Tanah baru dapat memberikan kemakmuran setelah diberikan AKSES REFORM maka sebagai tindak lanjut Penataan Aset Reform Pertanahan diperlukan “Penataan Akses Reform Pertanahan”. Yayasan Obor Tani Semarang telah melaksanakan salah satu kegiatan penataan akses reform pertanahan dengan membuat Sentra Pemberdayaan Tani (SPT) Tanaman Buah Unggul di Desa Genting Kecamatan Jambu Kabupaten Semarang sebagai titik awal obor (titik api) bagi Petani Indonesia. Diharapkan titik-titik api tersebut akan menjalar ke seluruh NKRI sehingga suatu kelak nanti desa-desa kita (one village, one product) akan menjadi surga buah di Nusantara. SPT-SPT tersebut di kemudian hari dapat dikembangkan menjadi Sentra Pemberdayaan Rakyat (SPR) berupa kegiatan Peternakan, Perikanan, Home Industry, Mix Farming dlsb, untuk pengentasan kemiskinan sebagai usaha optimalisai penggunaan dan pemanfaatan tanah.
Hasil pekerjaan Yayasan Obor Tani dalam membangun SPT akan lebih optimal hasilnya bila diawali dengan penataan aset reform pertanahan, karena dalam penataan aset reform pertanahan melalui MPBM terbangun proses penyadaran masyarakat terhadap fungsi dan peranan tanah dan lingkungan hidup bagi peningkatan kesejahteraan rakyat. Selain itu masyarakat mengetahui dengan pasti siapa yang tidak mempunyai tanah yang harus mendapatkan prioritas pemilikan tanah melalui Reforma Agraria. MPBM juga merupakan pengawasan sosial dari masyarakat terhadap tanah yang diterlantarkan oleh pemiliknya sebagai obyek spekulasi, pemilikan tanah absente dan tanah kelebihan menurut undang-undang (akan terlembaga adanya sosial kontrol dari masyarakat).
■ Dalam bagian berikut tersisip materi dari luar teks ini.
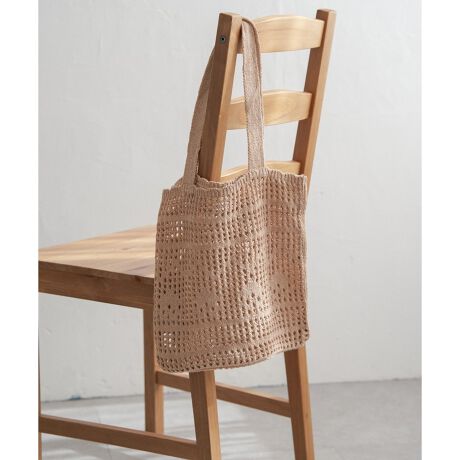 幾何学模様のような洗練されたかぎ編みが特徴のトートバッグ。
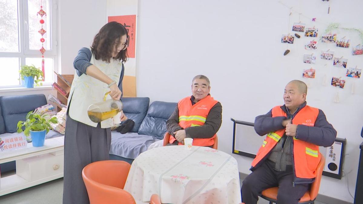 环卫工人杜发梓说:“每天来驿站喝热水、充电,有专人管理,环境又干净,这真是为我们户外劳动者办的实事、好事。”
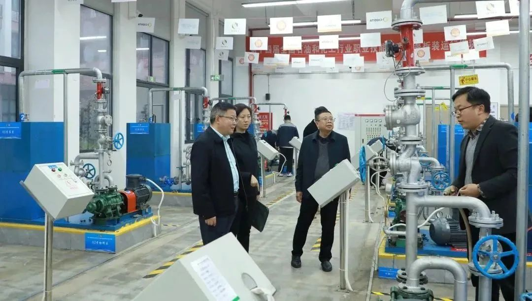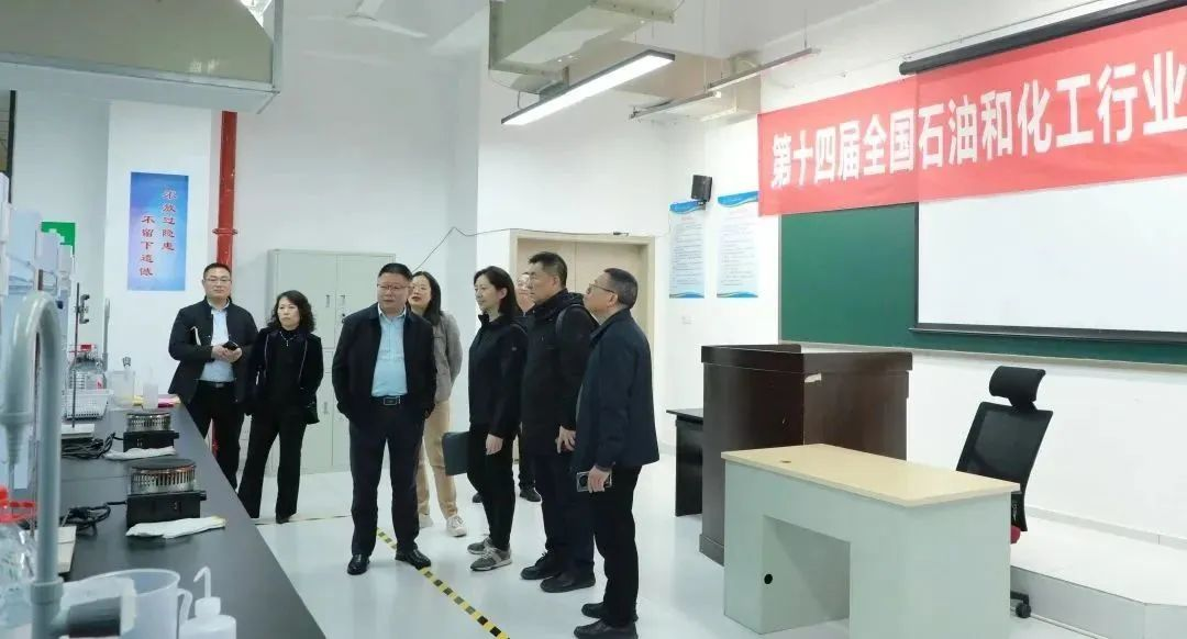 第十四届全国石油和化工行业职业技能竞赛决赛开赛在即,2023年11月25日,化学工业职业技能鉴定指导中心主任沈磊、副主任刘东方,学校党委副书记、院长文申柳,副院长邓启华、徐丽萍等检查大赛筹备情况。

Tanah-tanah tersebut dapat dijadikan obyek Reforma Agraria.
Database bidang tanah dari hasil MPBM dapat digunakan sebagai dasar pelaksanaan
Meratakan/menyeimbangkan ketimpangan penguasaan dan kepemilikan tanah dengan Program Reforma Agraria yaitu Land Reform plus Akses Reform (tanpa akses reform pembagian tanah tersebut akan dijual lagi oleh petani).
Mencegah kelebihan pemilikan tanah pertanian maupun perumahan serta tanah absente sebagaimana amanat Undang-Undang Pokok Agraria nomor 5/1960 dan PP 224/1961.
Memperbaiki dan meningkatkan mutu dan waktu pelayanan pertanahan berupa jaminan kepastian dan jaminan hukum pada administrasi pertanahan.
Mencegah dan menyelesaikan sengketa pertanahan baru dan lama yang berkelanjutan.
Kegiatan apapun yang membutuhkan tanah yang luas, sebagaimana Reforma Agraria, pembangunan perkebunan besar, waduk, pemukiman kembali korban lumpur Lapindo dlsb.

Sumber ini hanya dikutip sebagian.